Malainse, thanks for the response. I did see that section in the rule book. I do understand about sex identification and the head being present. If all of the deer is present and coming out together (3 or 4 guys) at the same time, would it still be frowned upon? Antlers naturally attached, scrotum left naturally attached (we only buck hunt this area). Basically just running a knife through the deer 2 or 3 times without breaking it down further till final butchering. I do realize it would be stretching the law a bit-or would it be simply going to far? I don't see a violation against what the rule states but I fully respect the opinion of the appropriate authority.
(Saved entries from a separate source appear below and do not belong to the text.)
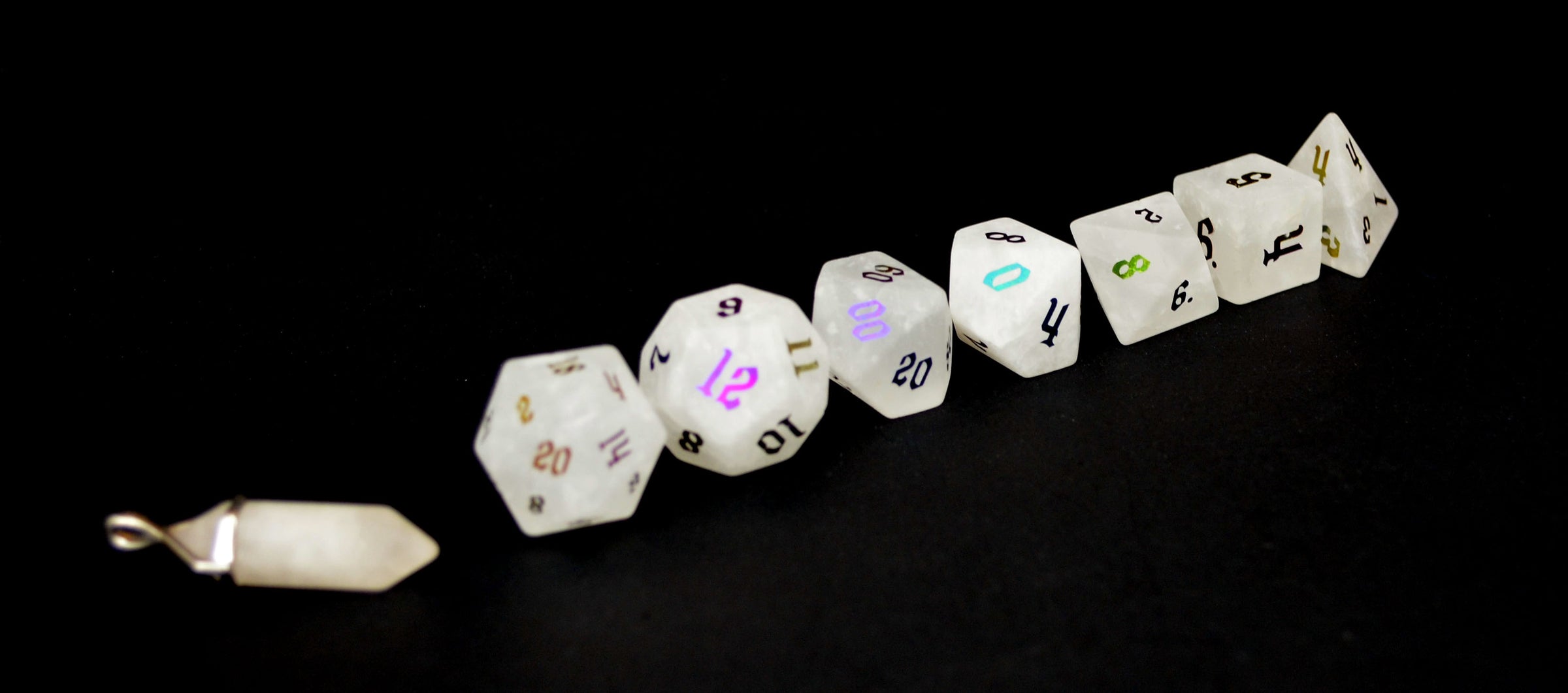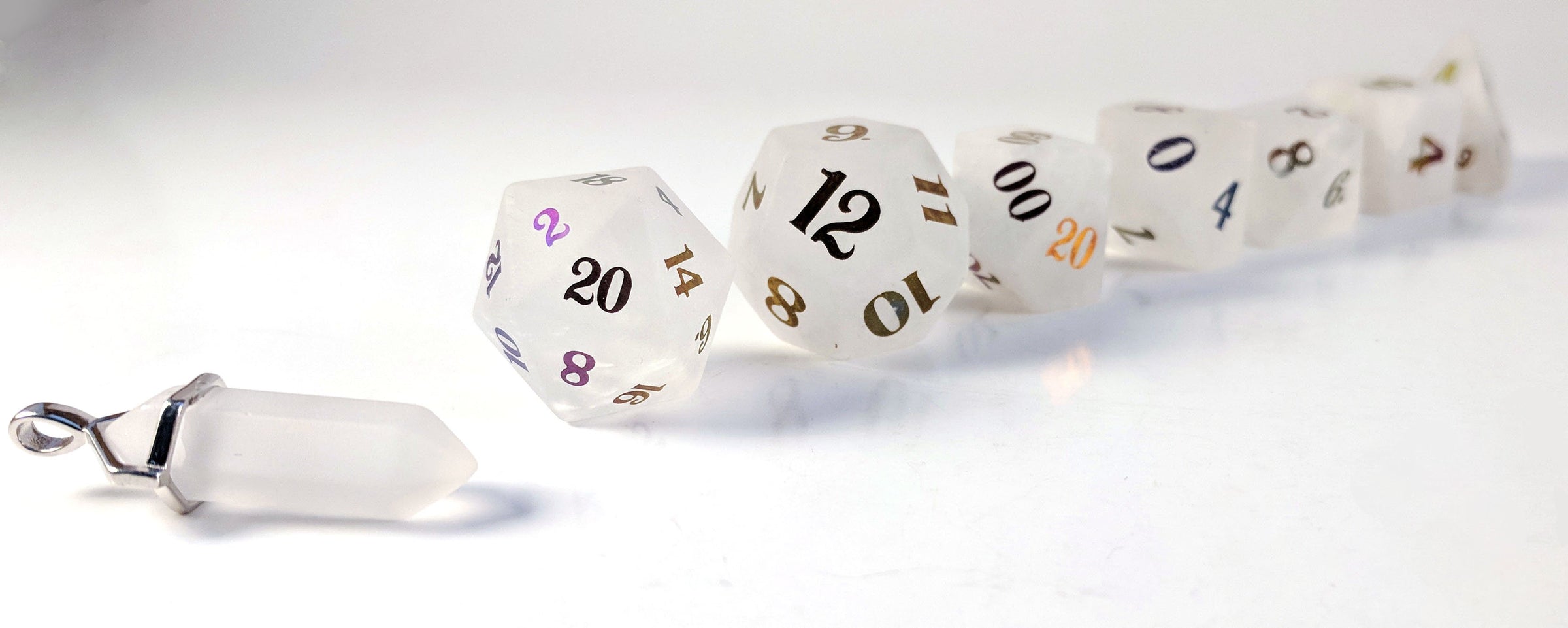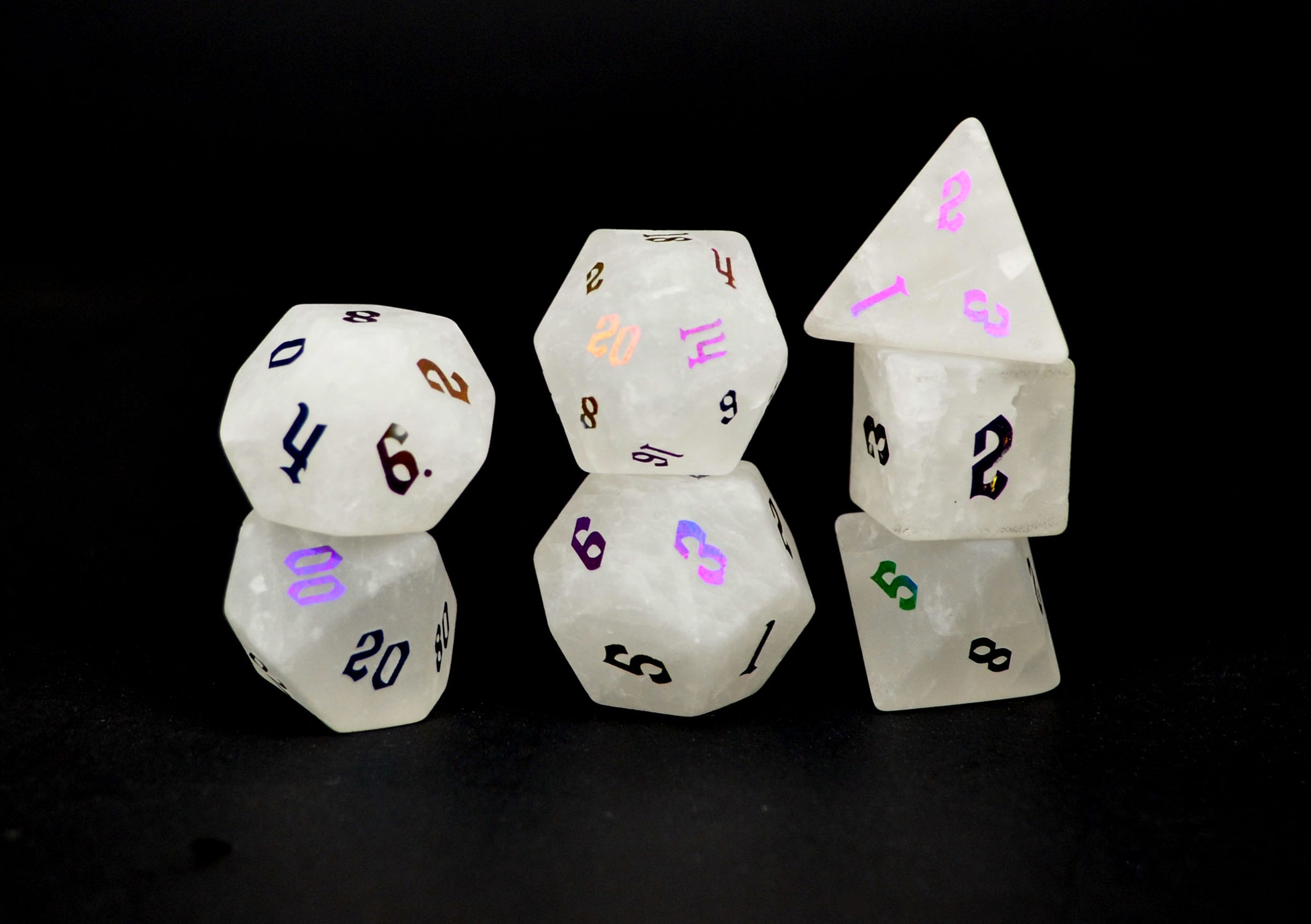 Natural Stone Disclaimer: Please note when ordering a set of our Semi-Precious Dice, they are created from natural materials, and there will be differences between every die. Our Semi-Precious Dice are hand-crafted, so there may be minor variations such as slight size differences, asymmetrical faces, or off-centre numbering. As such, each die is unique and may not be perfectly symmetrical; their roll is as balanced as one would expect from acrylic dice.
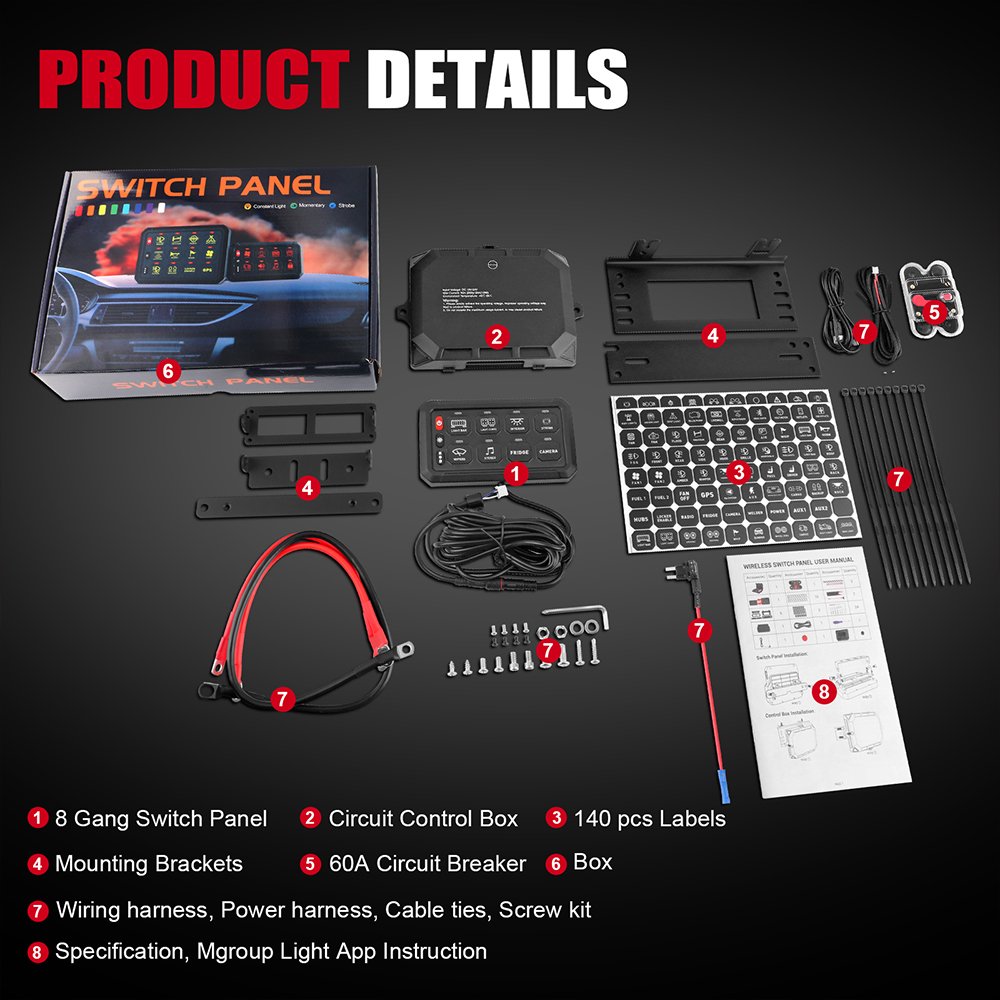 The SAM-BSP08 is an advanced 8 gang switch panel designed for 12V and 24V vehicle electrical systems, offering a stable 60A total load capacity with full APP control through a dedicated mobile application. Its RGB backlit interface provides excellent visibility and personalization for various lighting environments, while the clean wiring architecture ensures efficient installation and reliable long-term performance. Ideal for controlling off-road lights, pumps, compressors, in-car accessories and marine electrical equipment, this panel supports both standard use cases and customized configurations through Nuobei’s optional upgrade services.
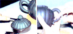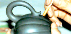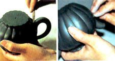 10.用脂泥粘接壶嘴、壶把、并用尖刀、明针加工清理。
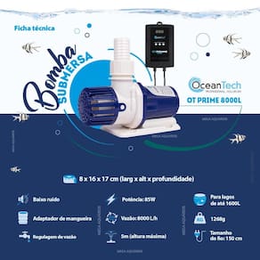 Bomba submersa OceanTech OT Prime Sine Wave com fluxo constante para aquário de água doce ou criação de ondas para aquário marinho - 8000 L/h - 85W A bomba OT Prime da Ocean Tech é o que tem de mais moderno no mercado e com a nova tecnologia Sine Wave, ela proporciona um maior controle de fluxo e vazão, adequando de acordo com a necessidade de cada aquário, seja de água doce ou salgada. Além do modo fluxo constante de água, ela tem dois modos de criação de ondas. Tudo isso com 3 anos de . LANÇAMENTO OCEANTECH 2021 Características: Nova tecnologia Sine Wave OceanTech Controle de vazão externo com 20 níveis de potência Possui 4 modos de fluxos A potência de saída pode ser ajustada para atender diferentes tamanhos de aquários A bomba pode ser utilizada para circulação e recalque de água e produção de ondas Com inversor DC trifásico inteligente de seis polos Baixa tenção de operação DC 24v Pode ser ligada nas tensões 110V e 220V Com eixo de cerâmica e mancal do eixo de fibra de carbono o que garante maior durabilidade Pode ser utilizada em água doce e salgada Manual em português Compacta Econômica Silenciosa Segura Especificações técnicas: Vazão máxima: 8000 L/h Altura máxima: 5m Consumo mínimo: 10W Consumo máximo: 85W Voltagem: bivolt 110V ou 200V Tamanho: 8x16x17 cm larg x alt x profund Peso só da bomba: 1.268g Peso total: 2.450kg Saída de água: 25 ou 32mm Tamanho do fio até o controle: 150 cm Tamanho do fio do controle até a tomada: 300cm Fluxos de água: 1 Modo de fluxo constante de água com 20 níveis vazão 2 Modo de criação de ondas de pulso com 20 níveis vazão começa com fluxo de água mais baixo para mais alto 3 Modo de onda de transmissão começa com fluxo de água mais baixo aumentando lentamente para o fluxo máximo e desacelerando até o fluxo mais baixo 4 Modo alimentação Feed a bomba para por 10, 20 ou 30 minutos Todos os modos são ajustáveis e selecionados pelo controle externo : 3 meses de para defeito de fabricação direto com a loja 3 anos de para defeito de fabricação direto com o fabricante A não cobre uso incorreto do equipamento Manutenção Limpe a bomba e todas as suas partes regularmente para garantir sua eficiência Mantenha o controlador seco e longe de respingos Nunca ligue o equipamento sem água, isso queimará a bomba em poucos segundos Conteúdo da embalagem: 1 Bomba OT Prime OceanTech 1 Controle externo de fluxo e vazão 1 Cabo de energia 1 Fonte de energia 1 Manual de instruções 2 Adaptadores de mangueira 1 Adesivo dupla face 1 Fita tecido autocolante para fixar controle externo 6 Borrachas vermelhas para diminuir trepidação 6 Ventosas para fixação da bomba em vidro Fotos, templetes e textos registrados. Todos os direitos reservados a esse vendedor e a seus parceiros autorizados. Ean: 7793300501423
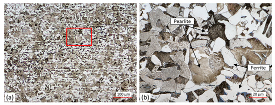 Microstructure of AO-C1 steel: (a) low magnification view; (b) higher magnification of the region highlighted by the red rectangle.
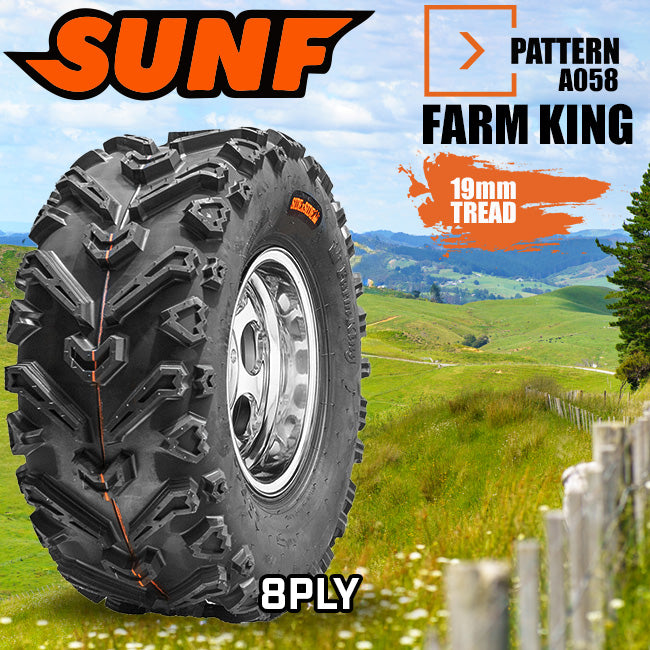SUNF Farm King ATV Tyre - 8ply - 25x8-12^ A-058 8ply Farm King ATV Tyre Sun F is backordered and will ship as soon as it is back in stock.
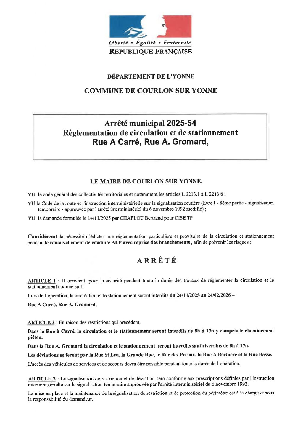 ARRÊTÉS DE CIRCULATION ET STATIONNEMENT CONCERNANT LES TRAVAUX DU 24/11/2025
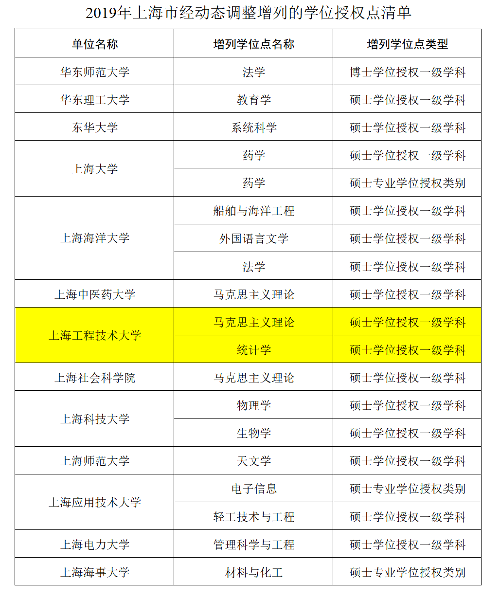 3月30日,國務院學位委員會發布了《國務院學位委員會關于下達2019年動態調整撤銷和增列的學位授權點名單的通知》(學位〔2020〕3號), 其中上海工程技術大學獲批增列馬克思主義理論、統計學2個一級學科碩士學位授權點。此次授權填補了我校法學和理學兩大學科門類碩士研究生培養的空白,學科布局進一步優化,研究生教育內涵式發展、教學型大學向教學研究型大學轉變又邁上了新臺階。
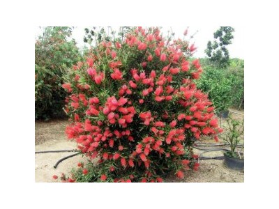 美花紅千層屬常綠灌木或小喬木,高2-3m,葉互生,條形有透明腺點,富含芳香氣味,壽命長,每片葉可維持3-6年不等,新老葉片聚生,形成葉幕層次。一年多次開花,盛花期在每年的2月份前后,長達2個月,花期長,花艷麗而形奇特,花序著生在樹梢,只看雄蕊而不見花朵。雄蕊數(shù)量多,花絲長,顏色鮮艷,排列稠密,整個花須猶如一把瓶刷子。
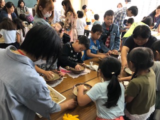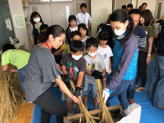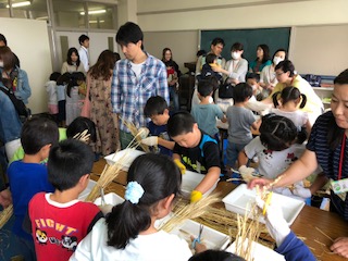 2年生が小麦の脱穀機を使って脱穀しました。たくさんの保護者の方々がお手伝いしてくださいました。
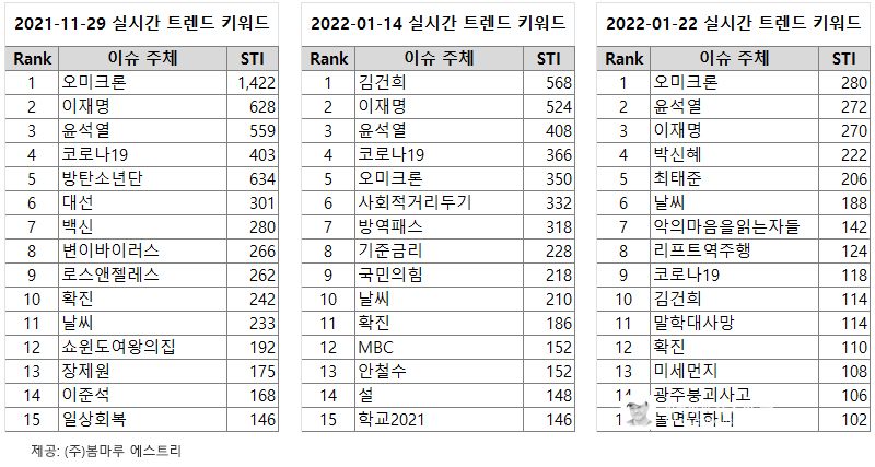 관심도가 폭증했던 2021년 11월 29일 실시간 트렌드 키워드를 보면 오미크론의 STI 1.422로 2위와 큰 차이를 보이며 1위를 차지했다. 그리고, 어제(1/21) STI 280으로 전보다 관심은 떨어졌지만 해당일자 1위를 차지했다.

Which is the only one that maters.


----------



## srconnell22 (Aug 27, 2007)

Linda G. said:


> I don't think you can quarter an elk and pack it out in Michigan, they would prefer that you get help...that may have changed in the last few years, tho.


I had to quarter this one and pack it out this past September, it's legal.


----------



## kracker (Jan 25, 2013)

srconnell22 said:


> I had to quarter this one and pack it out this past September, it's legal.


Nice job on the bull! Is that just a special provision for elk?


----------



## srconnell22 (Aug 27, 2007)

kracker said:


> Nice job on the bull! Is that just a special provision for elk?


The hunter pulled a tag in the lottery to hunt them.


----------



## kracker (Jan 25, 2013)

Srconnell22, sorry for the confusion in my question for you. I ment to ask if if there was a provision just for elk to be quartered because of their size? Thanks for your response.


----------



## srconnell22 (Aug 27, 2007)

kracker said:


> Srconnell22, sorry for the confusion in my question for you. I ment to ask if if there was a provision just for elk to be quartered because of their size? Thanks for your response.


No idea. I do know that animal was about two miles further back in than I wanted to drag that morning and it was starting to warm up. 

I believe there is something in regards to quartering the elk in the FAQ's in the packet the DNR sends to the hunters as well. 

The DNR's only concern during the elk season is that the animal is taken out of the woods before it spoils and they will do almost anything they can to help you achieve that. I can't even count the number of times the DNR has helped drag elk out with us.


----------